Comment by afiori

Comment by afiori 2 days ago

2 replies

I would like an utf-8 optimized bag of bytes where arbitrary byte operations are possible but the buffer keeps track of whether is it valid utf-8 or not (for every edit of n bytes it should be enough to check about n+8 bytes to validate) then utf-8 then utf-8 encoding/decoding becomes a noop and utf-8 specific apis can check quickly is the string is malformed or not.

account42 2 days ago

But why care if it's malformed UTF-8? And specifically, what do you want to happen when you get a malformed UTF-8 string.
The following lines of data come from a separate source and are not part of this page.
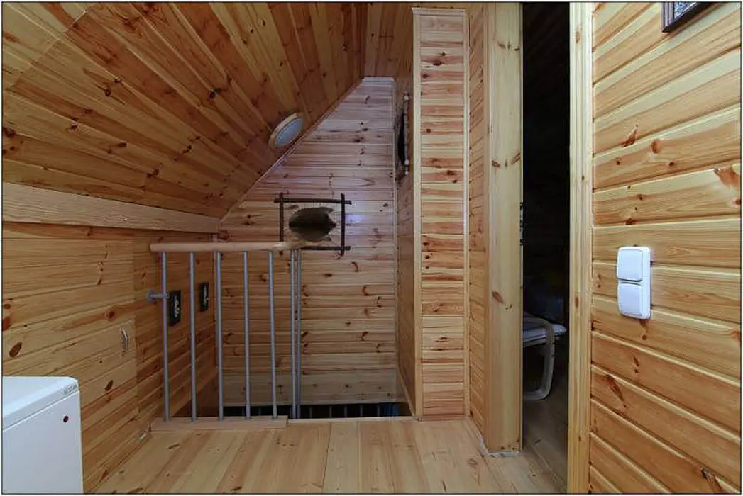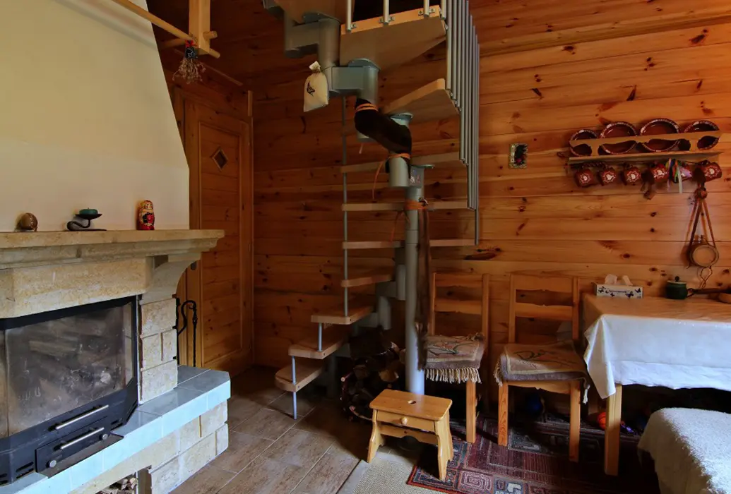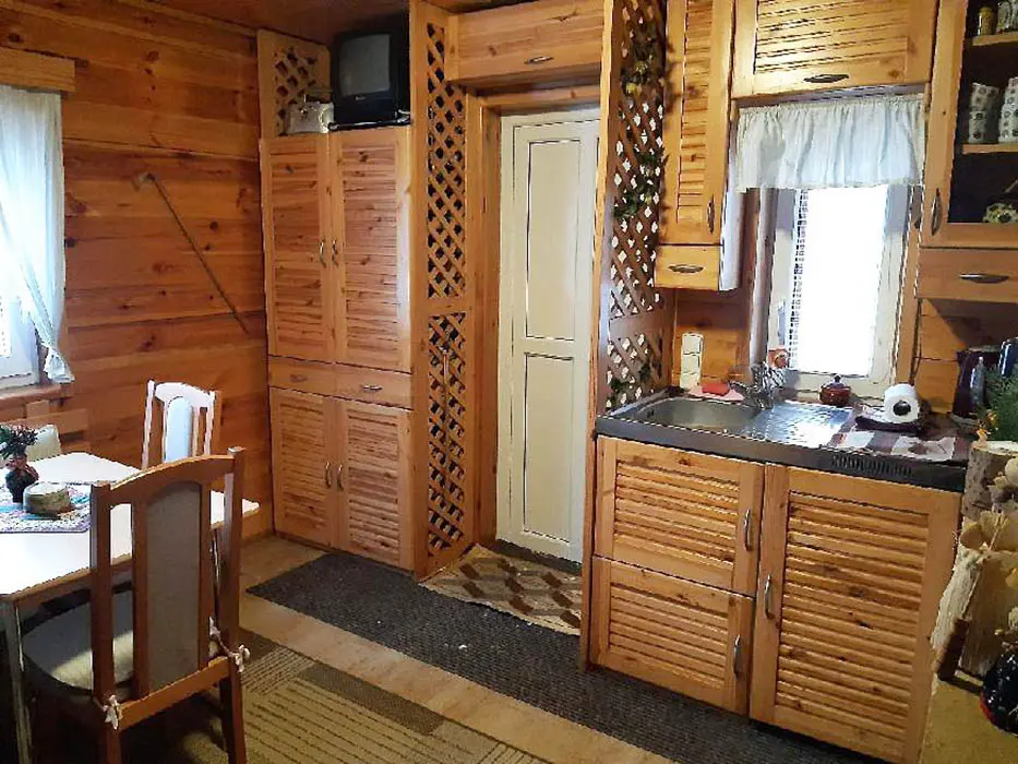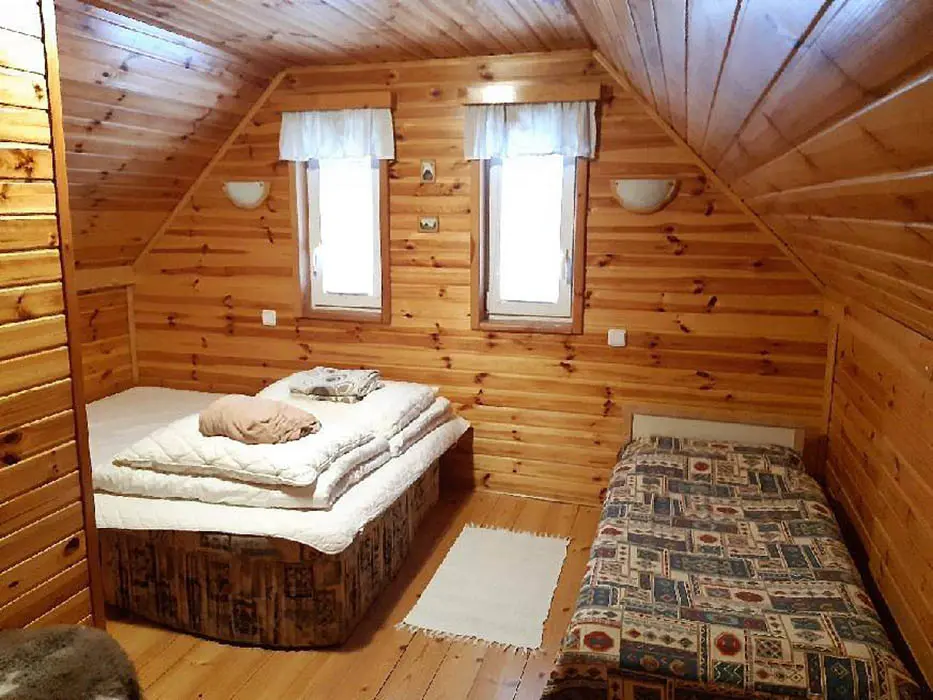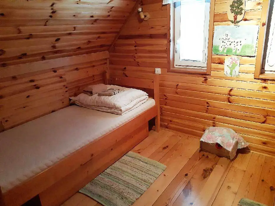 Obytná část spojená s kuchyňkou - rozkládací sedačka ( 1 přistýlka ), krb, TV, jídelní stůl a židle, vybavení kuchyně - varná konvice, nádobí, lednice. V patře 2 ložnice - 1x2, 1x3 lůžka ( zde je menší postel pro děti do 10 let ). Sociální zařízení - koupelna se sprchovým koutem, WC, pračka. Topení - krb, el.přímotop. PITNÁ VODA NENÍ, POUZE UŽITKOVÁ !
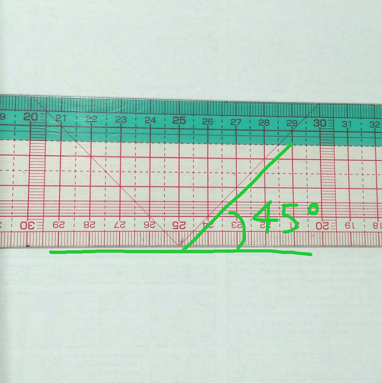 この方眼定規は45度をこうして図ることができます(^ー^)
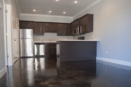 Our 2 bedroom, 2.5 bathroom Townhome (the Cabernet), features stained concrete flooring in the shared spaces downstairs, and carpeted upstairs and two covered parking spaces. There's also a half bathroom downstairs; both the bedrooms upstairs will have a bathroom.
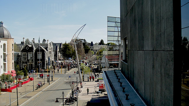 The Worcester Boulevard – looking out from the Christchurch Art Gallery – and looking down the Boulevard to the Arts Centre.
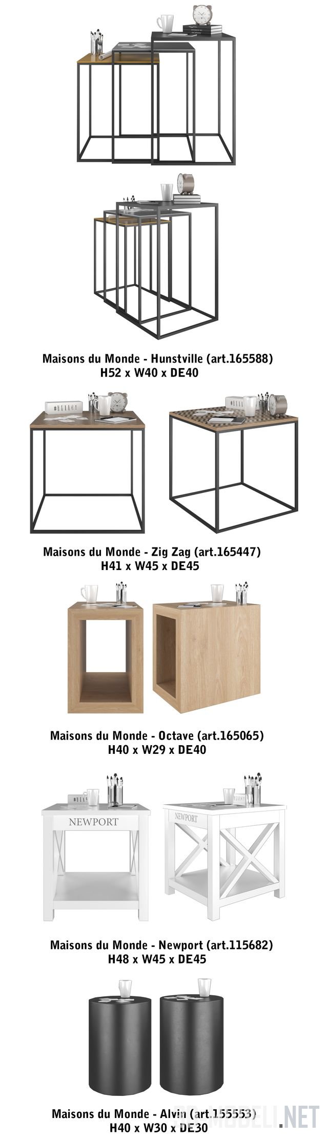 Набор интерьерных журнальных столиков от бренда Maisons du Monde. В сцене присутствует декор для украшения столов. Каждый стол назван в соответствии с его артикулом.
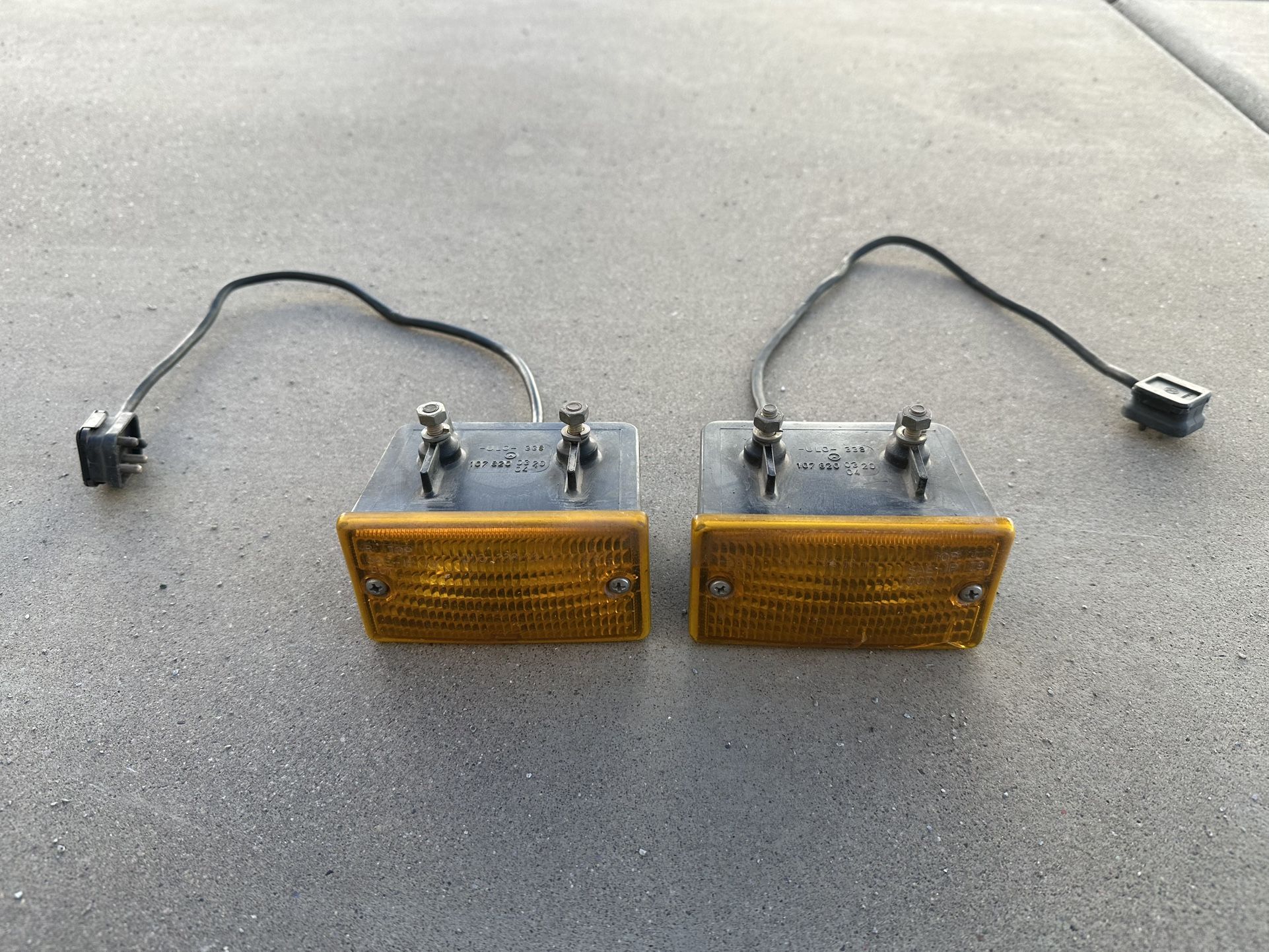 If you see this ad then item is available messages just asking if item is available will be ignored. Selling as a pair only. OEM Pair of Front Turn Signal Lights for Mercedes Benz SL and SLC models R107 C107 107. These would go under the front bumper and should fit models from 1972 to 1989 but please do your own research before purchasing. They were removed from a 1981 380SL US model. They have very small chips underneath but you won't see it when installed. Selling as a pair only. Pick up in Tempe
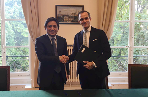 协议签署前,彭龙与欧洲高等商学院院长布诺瓦(Frank Bournois)进行了会谈。双方一致认为,此次在中法高层次人文交流机制框架内和中法两国政府高层领导人的见证下签署合作协议,对两校关系具有里程碑意义,双方一致同意尽快启动研究生学历合作项目,实现两校优质教育资源的深度整合。
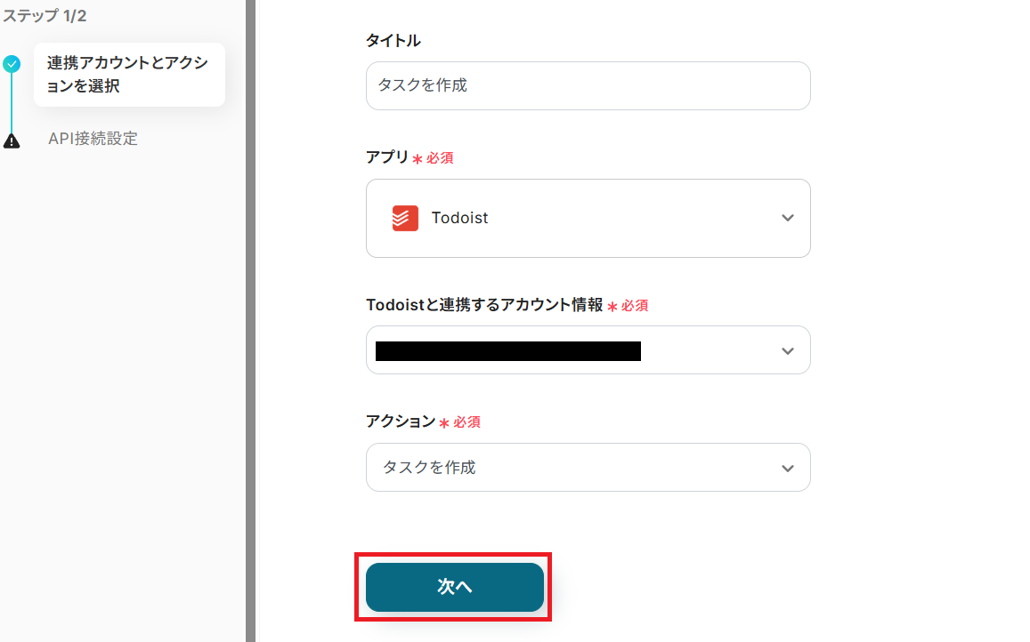 タイトルを任意で設定し、Todoistと連携するアカウントやアクション内容を確認したら「次へ」を押してください。

Keep in mind that UTF-8 is self-synchronizing so even if you encode strings into a larger text-based format without verifying them it will still be possible to decode the document. As a user I normally want my programs to pass on the string without mangling it further. Some tool throwing fatal errors because some string I don't actually care about contains an invalid UTF-8 byte sequence is the last thing I want. With strings being an arbitrary bag of bytes many programs can support arbitrary encodings or at least arbitrary ASCII-supersets without any additional effort.

  • afiori 2 days ago

    The main issue I can see is not garbage bytes in text but mixing of incompatible encoding eg splicing latin-1 bytes in a utf-8 string.

    My understanding of the current "always and only utf-8/unicode" zeitgeist is that is comes mostly from encoding issues among which the complexity of detecting encoding.

    I think that the current status quo is better than what came before, but I also think it could be improved.